Ахмет лежал, совершенно перестав чувствовать свое тело. Не было боли, не было никаких эмоций. Вернее, была одна, но такая огромная, можно сказать, всеобъемлющая, что от этой огромности её как бы и не было. Он понимал, что умирает, и всё же никак не мог принять сам факт — ещё десять минут назад ничего этого не было, и баба спокойно шла, положив руку на трясущийся и качающийся скарб, и он тащил свою телегу, кривясь от неприятных мыслей о будущем; впереди были заморочки — но решаемые; от того, что осталось за спиной, удалось, наконец, отвязаться, и крыса притихла, перестав кусать за ту несуществующую нерву… Даже сейчас, когда рука, при падении подвернувшаяся под тело, ощущала под одеждой толстый слой холодца из остывшей крови и ясно говорила — её слишком, слишком много, это уже всё, Ахмет демонстративно не признавал окончательности случившегося, прямо как в детстве, когда можно было подвергнуть отмене любой эпизод игры, отбежать в сторону и кричать: «Несчетово, несчетово!» Но сегодня почему-то всё было счетово, и это было так неправильно — почему, почему именно сегодня?!
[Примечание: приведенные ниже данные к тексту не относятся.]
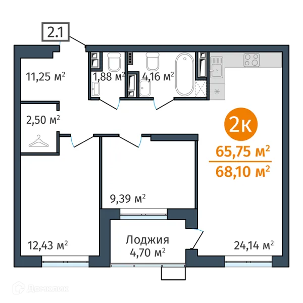 2 комн. квартира в Тюмени в ипотеку от 68 769 руб/месяц
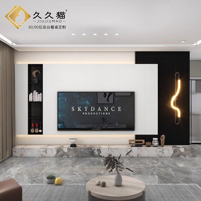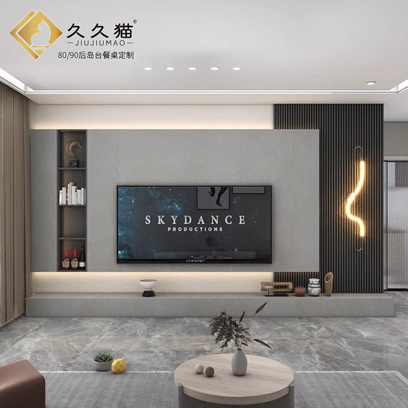 2024新款悬空岩板背景墙素色奶油白电视墙影视墙客厅格栅纯色瓷砖

Тем временем тело его ещё упиралось — пальцы на вывернутой руке скрючивались и разжимались, бока ходили ходуном от беспорядочных судорог, в штанах негромко потрескивало — умирающий организм, неизвестно на что надеясь, выталкивал из себя дерьмо.
Допинывать его не стали, было ясно, что вот-вот сам сдохнет, да и больно уж много кровищи стало течь после нескольких первых ударов, пачкая казахам штаны и ботинки. На бабу внимания никто не обратил: старая грязная марамойка, лежит, как живые не лежат.
Время поджимало — за всё, конечно, отвечать теперь покойному уорренту, но срыв тревожного выдвижения такая штука, в которой лучше не засвечиваться. Компьютер ничего не забудет, и для личного рейтинга такие штуки без последствий не пройдут; опять же, по деньгам всяко потеряешь… Поэтому казахи, не отвлекаясь, подтянули шишигу и быстро распотрошили тележку, перекидав в кузов Ахметово выходное пособие. Хорошая оказалась тележка — сверху всякий триппер, а под ним ничего лишнего, всё или сгодится, или можно неплохо продать.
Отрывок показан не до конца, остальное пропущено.